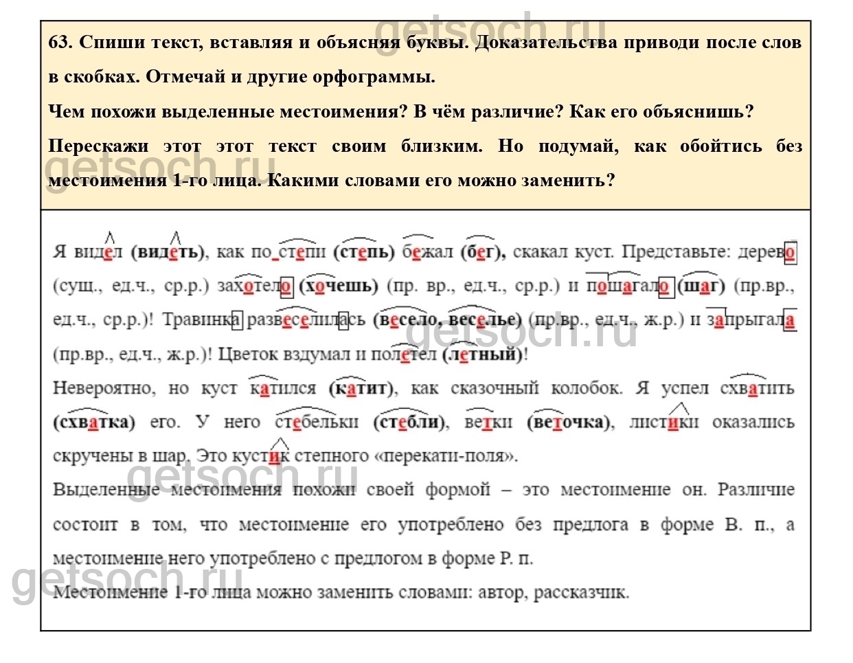 Рассмотрим ответы на Упражнение 63 из учебника по русскому языку для 4 класса Соловейчика
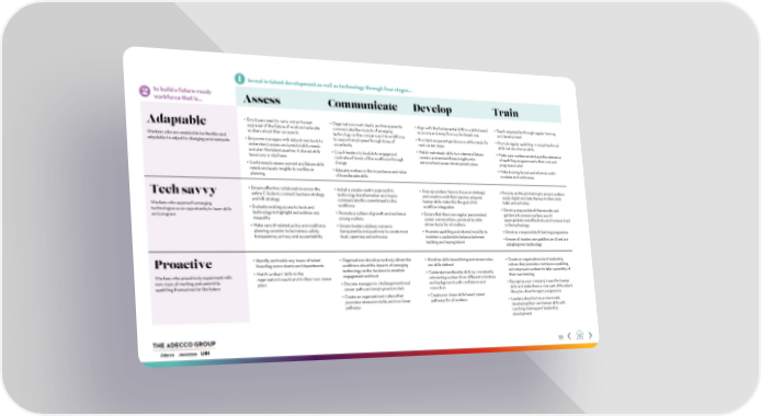 1 Invest in talent development as well as technology through four stages… 2 to build a future-ready Assess Communicate Develop Train workforce that is… • Employers need to carry out an honest • Organisations must clearly and transparently • Align with the fundamental shift to a skills-based • Teach adaptability through regular training Adaptable appraisal of the future of work and educate communicate the impacts of emerging economy and away from a jobs-based one and development workers about their prospects technology on the company and its workforce • Provide transparent guidance on skills needs for • Provide regular upskilling – not just technical Workers who are enabled to be flexible and • Empower managers with data-driven tools to to support employees through times of next career steps skills but also human skills. adaptable to adjust to changing environments understand, assess and predict skills needs uncertainty and plan the talent pipeline. A shared skills • Coach leaders to be able to engage and • Match individuals’ skills to in-demand future • Make sure workers understand therelevance taxonomy is vital here. motivate all levels of the workforce through careers and embed these insights into of upskilling programmes to their role and change personalised career development plans progression plan • Continuously assess current and future skills • Make training formal and informal, multi- needs and apply insights to workforce • Educate workers in the importance and value modular and continuous planning of transferable skills • Ensure effective collaboration across the • Adopt a people-centric approach to • Free up workers’ time to focus on strategic • Provide on-the-job training to ensure workers Tech savvy entire C-Suite to connect business strategy technology transformation and clearly and creative work that requires uniquely apply digital and data literacy to their daily and HR strategy communicate this commitment to the human skills: make this the goal of AI tasks and activities Workers who approach emerging • Evaluate existing access to tools and workforce workflow integration • Develop responsible AI frameworks and technologies as an opportunity to learn skills technology to highlight and address any • Promote a culture of growth and resilience • Ensure that there are regular personalised guidance to ensure workers use AI and progress inequality among workers career conversations, powered by data- appropriately and effectively and increase trust • Make sure AI-related policy and workforce • Ensure leaders address concerns driven tools, for all workers in the technology planning consider inclusiveness, safety, transparently and positively to create more • Promote upskilling and internal mobility to • Develop a responsible AI training programme transparency, privacy and accountability trust, openness and advocacy maintain a sustainable balance between • Ensure all leaders are upskilled on AI and are building and buying talent adopting new technology • Identify and tackle any issues of talent • Organisations should proactively inform the • Prioritise skills-based hiring and ensure roles • Create an organisational and leadership Proactive hoarding across teams and departments workforce about the impacts of emerging are skills-defined culture that promotes continuous upskilling • Match workers’ skills to the technology on the business to maintain • Celebrate transferable skills by consistently and empowers workers to take ownership of Workers who proactively experiment with organisation'sneeds and to their own career engagement and trust onboarding workers from different industries their own training new ways of working and commit to plans • Educate managers to challenge traditional and backgrounds with confidence and • Recognise your company’s need for human upskilling themselves for the future career paths and employment models conviction skills and make them a core part of the talent • Create an organisational culture that • Create non-linear skills-based career lifecycle – from hiring to progression. promotes internal mobility and non-linear pathways for all workers • Leaders should act as a role model, pathways developing their own human skills with coaching, training and leadership development. 53
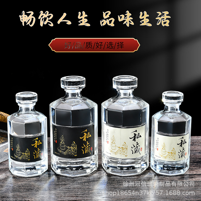 高档八棱白酒瓶500ml透明玻璃白酒瓶250ml密封白酒瓶晶白料酒瓶
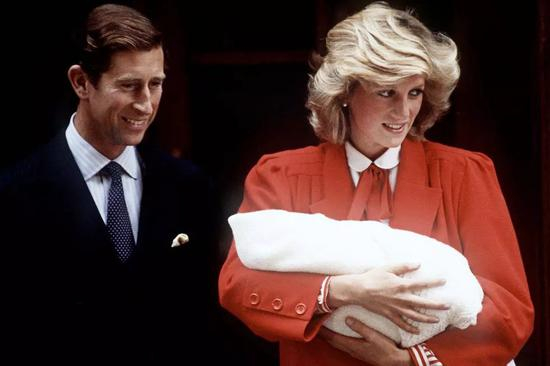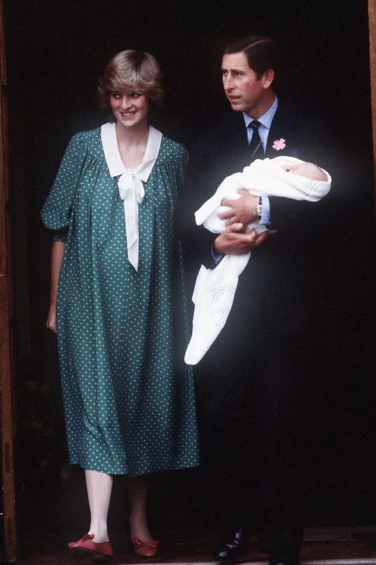 查尔斯和戴安娜分别在1982年和1984年迎来威廉和哈里,两次首露面查尔斯都选择了低调沉稳的装束,不抢眼,也很合理。
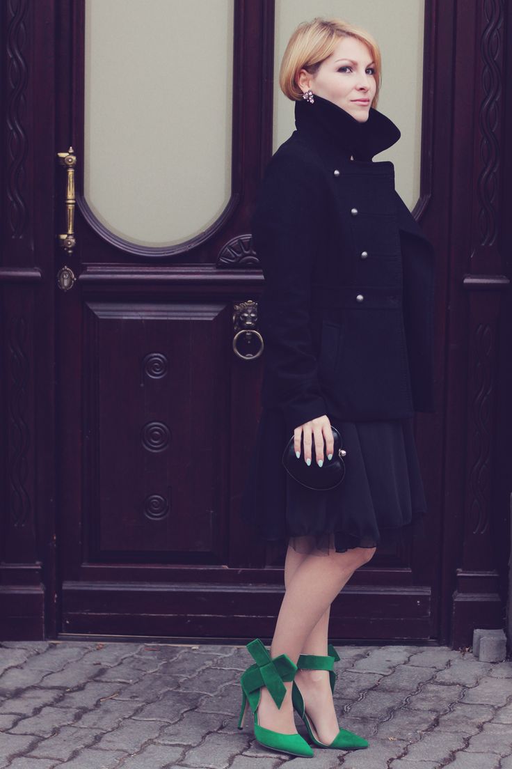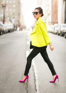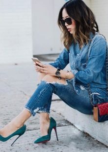 - Emerald shoes are incredibly relevant! They will be well combined with a dress of white, black, yellow or pink color. In other matters, you can experiment and pick up to them any clothes of bright color. It will turn out very fresh and interesting.
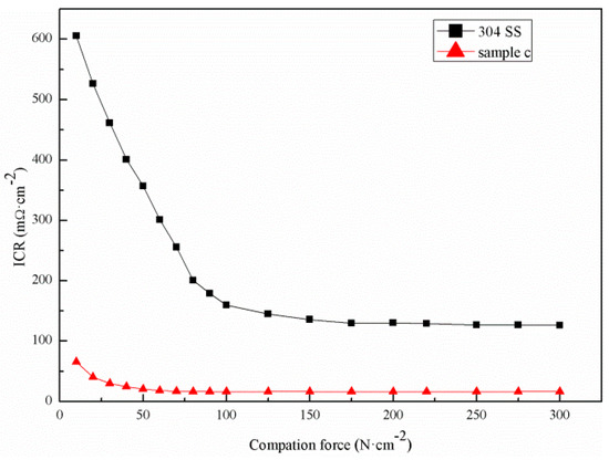 Figure 9 shows the contact resistance of sample C and the bare 304 SS as a function of pressure. As the interface pressure increased, the contact resistance of sample C and the bare 304 SS significantly reduced. Since the interface pressure was small, there was a small contact point between the sample and the carbon paper, resulting in a large contact resistance. Since the contact between the sample and the carbon paper was a point contact when the interface pressure was small, the contact resistance was large. The carbon paper was deformed as the interface pressure increased, and the contact area between the sample and the carbon paper gradually increased, meaning that the interface contact resistance gradually reduced. When the interface pressure increased further, the deformation of the carbon paper reached a limit, and the contact area did not change further, meaning that the contact resistance also remained stable. When the pressure of sample D was greater than , the contact resistance was basically stable. Nevertheless, when the pressure of the bare 304 SS was greater than , the contact resistance remained stable. The reason for this phenomenon is that the growth of the CNTs on the surface of sample C only required a small amount of pressure for complete adherence to the carbon paper, whereas the pressure required for the bare 304 SS to adhere to the carbon paper was large. As seen in Figure 9, the contact resistance of the bare 304 SS was always greater than that of sample C. The main reason for this is that the conductivity of the oxide film on the surface of the bare 304 SS was worse than that of the CNT film. The assembly pressure of the PEMFC stack was , and the contact resistance should be less than [46]. Under this pressure, the contact resistance of the bare 304 SS was . The contact resistance of sample C was , which is only 10% of the bare 304 SS’s contact resistance. Therefore, the growth of vertical CNTs on the surface of the stainless steel could effectively reduce the contact resistance and meet the requirements of a bipolar plate in terms of conductivity.

══════

### What to produce
Could you output the entire listing verbatim while omitting its pictures?

### Response to the task
 Рассмотрим ответы на Упражнение 63 из учебника по русскому языку для 4 класса Соловейчика
 1 Invest in talent development as well as technology through four stages… 2 to build a future-ready Assess Communicate Develop Train workforce that is… • Employers need to carry out an honest • Organisations must clearly and transparently • Align with the fundamental shift to a skills-based • Teach adaptability through regular training Adaptable appraisal of the future of work and educate communicate the impacts of emerging economy and away from a jobs-based one and development workers about their prospects technology on the company and its workforce • Provide transparent guidance on skills needs for • Provide regular upskilling – not just technical Workers who are enabled to be flexible and • Empower managers with data-driven tools to to support employees through times of next career steps skills but also human skills. adaptable to adjust to changing environments understand, assess and predict skills needs uncertainty and plan the talent pipeline. A shared skills • Coach leaders to be able to engage and • Match individuals’ skills to in-demand future • Make sure workers understand therelevance taxonomy is vital here. motivate all levels of the workforce through careers and embed these insights into of upskilling programmes to their role and change personalised career development plans progression plan • Continuously assess current and future skills • Make training formal and informal, multi- needs and apply insights to workforce • Educate workers in the importance and value modular and continuous planning of transferable skills • Ensure effective collaboration across the • Adopt a people-centric approach to • Free up workers’ time to focus on strategic • Provide on-the-job training to ensure workers Tech savvy entire C-Suite to connect business strategy technology transformation and clearly and creative work that requires uniquely apply digital and data literacy to their daily and HR strategy communicate this commitment to the human skills: make this the goal of AI tasks and activities Workers who approach emerging • Evaluate existing access to tools and workforce workflow integration • Develop responsible AI frameworks and technologies as an opportunity to learn skills technology to highlight and address any • Promote a culture of growth and resilience • Ensure that there are regular personalised guidance to ensure workers use AI and progress inequality among workers career conversations, powered by data- appropriately and effectively and increase trust • Make sure AI-related policy and workforce • Ensure leaders address concerns driven tools, for all workers in the technology planning consider inclusiveness, safety, transparently and positively to create more • Promote upskilling and internal mobility to • Develop a responsible AI training programme transparency, privacy and accountability trust, openness and advocacy maintain a sustainable balance between • Ensure all leaders are upskilled on AI and are building and buying talent adopting new technology • Identify and tackle any issues of talent • Organisations should proactively inform the • Prioritise skills-based hiring and ensure roles • Create an organisational and leadership Proactive hoarding across teams and departments workforce about the impacts of emerging are skills-defined culture that promotes continuous upskilling • Match workers’ skills to the technology on the business to maintain • Celebrate transferable skills by consistently and empowers workers to take ownership of Workers who proactively experiment with organisation'sneeds and to their own career engagement and trust onboarding workers from different industries their own training new ways of working and commit to plans • Educate managers to challenge traditional and backgrounds with confidence and • Recognise your company’s need for human upskilling themselves for the future career paths and employment models conviction skills and make them a core part of the talent • Create an organisational culture that • Create non-linear skills-based career lifecycle – from hiring to progression. promotes internal mobility and non-linear pathways for all workers • Leaders should act as a role model, pathways developing their own human skills with coaching, training and leadership development. 53
 高档八棱白酒瓶500ml透明玻璃白酒瓶250ml密封白酒瓶晶白料酒瓶
 查尔斯和戴安娜分别在1982年和1984年迎来威廉和哈里,两次首露面查尔斯都选择了低调沉稳的装束,不抢眼,也很合理。
 - Emerald shoes are incredibly relevant! They will be well combined with a dress of white, black, yellow or pink color. In other matters, you can experiment and pick up to them any clothes of bright color. It will turn out very fresh and interesting.
 Figure 9 shows the contact resistance of sample C and the bare 304 SS as a function of pressure. As the interface pressure increased, the contact resistance of sample C and the bare 304 SS significantly reduced. Since the interface pressure was small, there was a small contact point between the sample and the carbon paper, resulting in a large contact resistance. Since the contact between the sample and the carbon paper was a point contact when the interface pressure was small, the contact resistance was large. The carbon paper was deformed as the interface pressure increased, and the contact area between the sample and the carbon paper gradually increased, meaning that the interface contact resistance gradually reduced. When the interface pressure increased further, the deformation of the carbon paper reached a limit, and the contact area did not change further, meaning that the contact resistance also remained stable. When the pressure of sample D was greater than , the contact resistance was basically stable. Nevertheless, when the pressure of the bare 304 SS was greater than , the contact resistance remained stable. The reason for this phenomenon is that the growth of the CNTs on the surface of sample C only required a small amount of pressure for complete adherence to the carbon paper, whereas the pressure required for the bare 304 SS to adhere to the carbon paper was large. As seen in Figure 9, the contact resistance of the bare 304 SS was always greater than that of sample C. The main reason for this is that the conductivity of the oxide film on the surface of the bare 304 SS was worse than that of the CNT film. The assembly pressure of the PEMFC stack was , and the contact resistance should be less than [46]. Under this pressure, the contact resistance of the bare 304 SS was . The contact resistance of sample C was , which is only 10% of the bare 304 SS’s contact resistance. Therefore, the growth of vertical CNTs on the surface of the stainless steel could effectively reduce the contact resistance and meet the requirements of a bipolar plate in terms of conductivity.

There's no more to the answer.